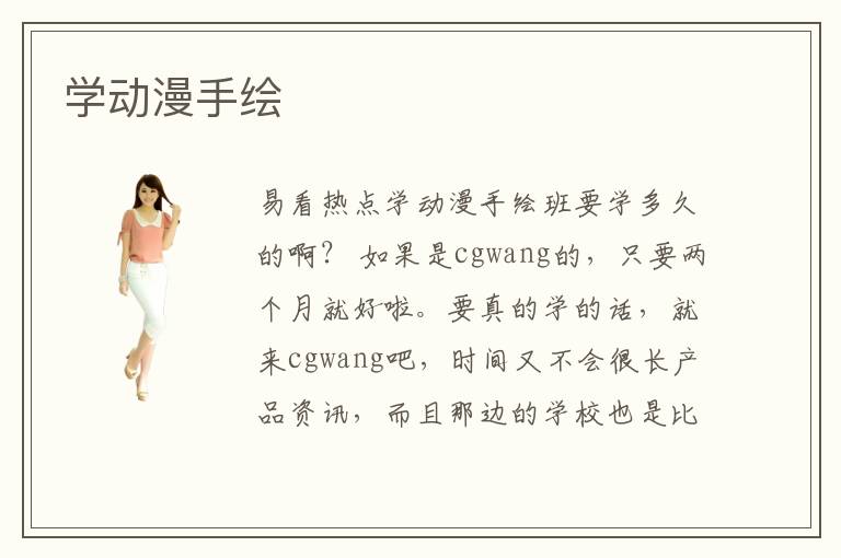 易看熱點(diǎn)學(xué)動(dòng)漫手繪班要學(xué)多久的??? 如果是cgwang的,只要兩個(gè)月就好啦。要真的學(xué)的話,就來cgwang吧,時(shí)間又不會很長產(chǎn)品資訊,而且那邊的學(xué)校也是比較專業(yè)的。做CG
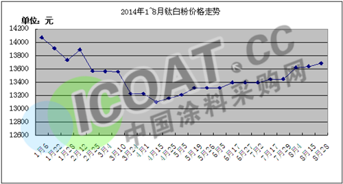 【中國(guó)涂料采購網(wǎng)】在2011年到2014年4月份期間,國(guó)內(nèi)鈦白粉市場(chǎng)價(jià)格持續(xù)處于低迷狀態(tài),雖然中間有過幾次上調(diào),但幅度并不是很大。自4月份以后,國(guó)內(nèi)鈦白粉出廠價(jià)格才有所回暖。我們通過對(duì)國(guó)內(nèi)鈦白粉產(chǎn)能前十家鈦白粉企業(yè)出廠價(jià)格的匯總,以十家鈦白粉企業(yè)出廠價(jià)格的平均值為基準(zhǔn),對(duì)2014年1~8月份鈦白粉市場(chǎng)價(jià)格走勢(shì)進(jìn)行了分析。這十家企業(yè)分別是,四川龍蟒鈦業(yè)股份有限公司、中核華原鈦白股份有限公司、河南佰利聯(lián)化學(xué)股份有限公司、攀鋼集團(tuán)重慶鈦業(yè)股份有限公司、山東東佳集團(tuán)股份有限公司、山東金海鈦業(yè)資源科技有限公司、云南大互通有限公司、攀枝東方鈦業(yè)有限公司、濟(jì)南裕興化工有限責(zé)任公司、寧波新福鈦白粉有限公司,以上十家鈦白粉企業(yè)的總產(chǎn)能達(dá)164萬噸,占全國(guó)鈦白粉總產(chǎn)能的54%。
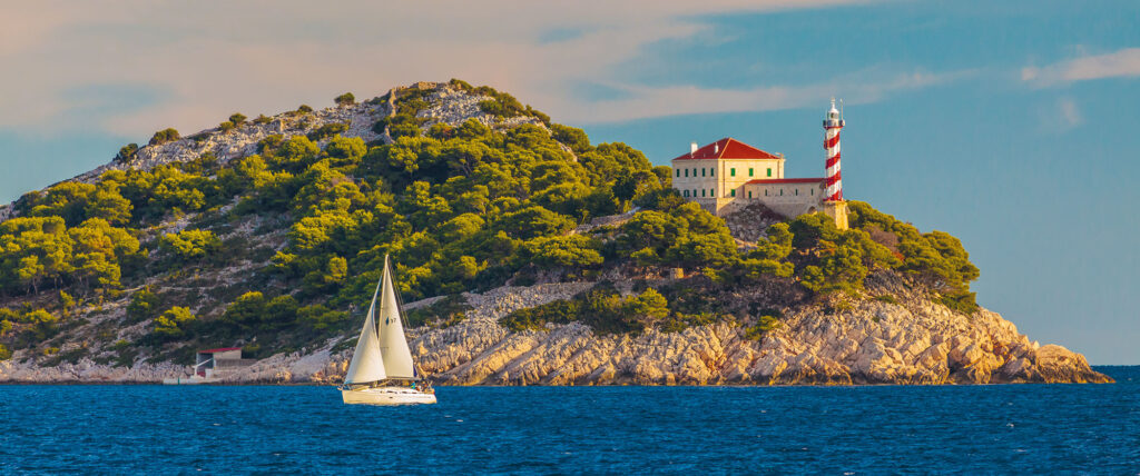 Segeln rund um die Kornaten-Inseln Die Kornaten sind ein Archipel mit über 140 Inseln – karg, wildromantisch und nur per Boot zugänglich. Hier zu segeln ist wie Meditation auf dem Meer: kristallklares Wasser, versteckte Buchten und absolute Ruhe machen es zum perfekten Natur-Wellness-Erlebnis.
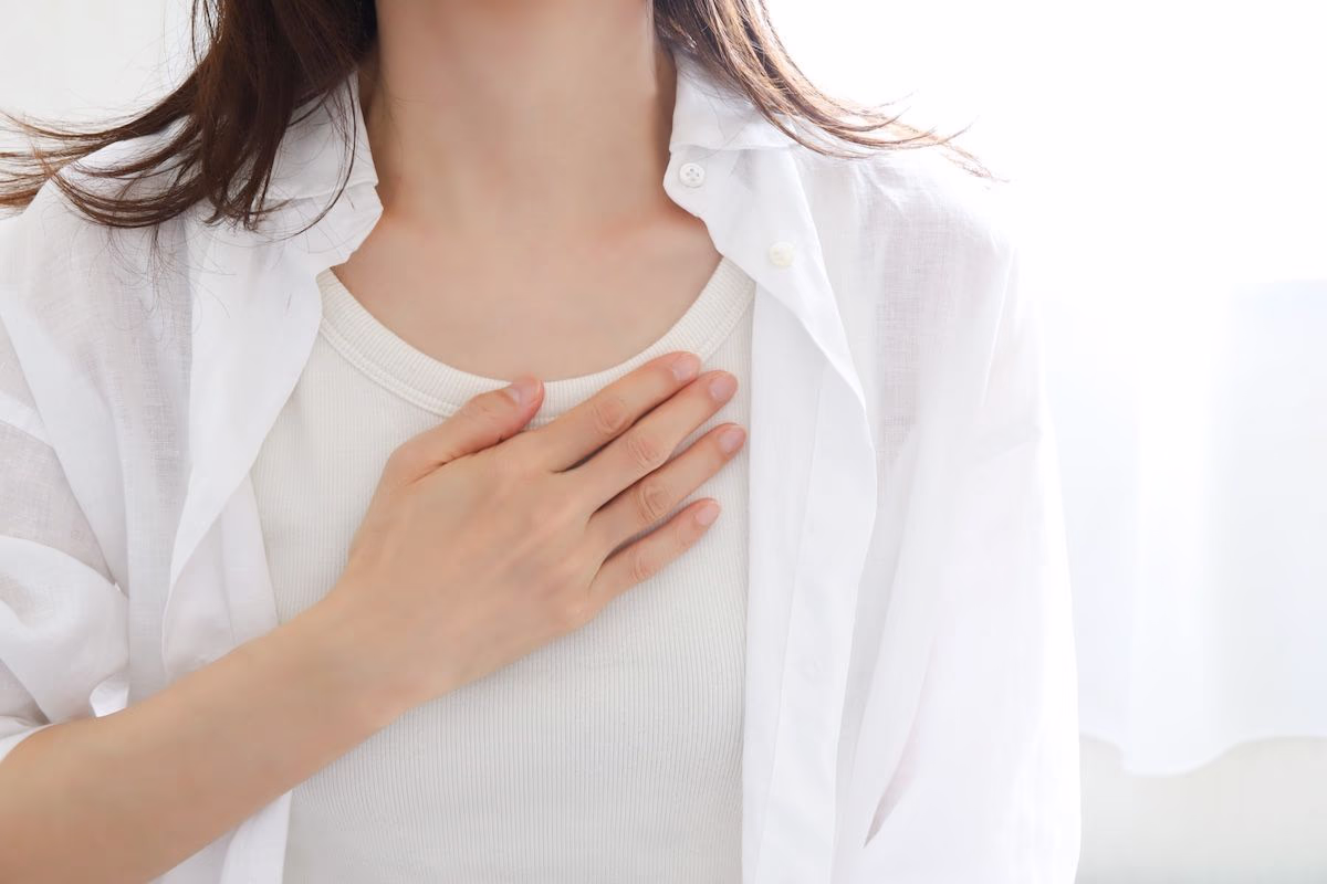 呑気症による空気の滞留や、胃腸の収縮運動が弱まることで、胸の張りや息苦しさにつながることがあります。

▶ **Prompt**: Could you copy the data above exactly, leaving the pictures out?

▶ **Answer below**:
 易看熱點(diǎn)學(xué)動(dòng)漫手繪班要學(xué)多久的??? 如果是cgwang的,只要兩個(gè)月就好啦。要真的學(xué)的話,就來cgwang吧,時(shí)間又不會很長產(chǎn)品資訊,而且那邊的學(xué)校也是比較專業(yè)的。做CG
 【中國(guó)涂料采購網(wǎng)】在2011年到2014年4月份期間,國(guó)內(nèi)鈦白粉市場(chǎng)價(jià)格持續(xù)處于低迷狀態(tài),雖然中間有過幾次上調(diào),但幅度并不是很大。自4月份以后,國(guó)內(nèi)鈦白粉出廠價(jià)格才有所回暖。我們通過對(duì)國(guó)內(nèi)鈦白粉產(chǎn)能前十家鈦白粉企業(yè)出廠價(jià)格的匯總,以十家鈦白粉企業(yè)出廠價(jià)格的平均值為基準(zhǔn),對(duì)2014年1~8月份鈦白粉市場(chǎng)價(jià)格走勢(shì)進(jìn)行了分析。這十家企業(yè)分別是,四川龍蟒鈦業(yè)股份有限公司、中核華原鈦白股份有限公司、河南佰利聯(lián)化學(xué)股份有限公司、攀鋼集團(tuán)重慶鈦業(yè)股份有限公司、山東東佳集團(tuán)股份有限公司、山東金海鈦業(yè)資源科技有限公司、云南大互通有限公司、攀枝東方鈦業(yè)有限公司、濟(jì)南裕興化工有限責(zé)任公司、寧波新福鈦白粉有限公司,以上十家鈦白粉企業(yè)的總產(chǎn)能達(dá)164萬噸,占全國(guó)鈦白粉總產(chǎn)能的54%。
 Segeln rund um die Kornaten-Inseln Die Kornaten sind ein Archipel mit über 140 Inseln – karg, wildromantisch und nur per Boot zugänglich. Hier zu segeln ist wie Meditation auf dem Meer: kristallklares Wasser, versteckte Buchten und absolute Ruhe machen es zum perfekten Natur-Wellness-Erlebnis.
 呑気症による空気の滞留や、胃腸の収縮運動が弱まることで、胸の張りや息苦しさにつながることがあります。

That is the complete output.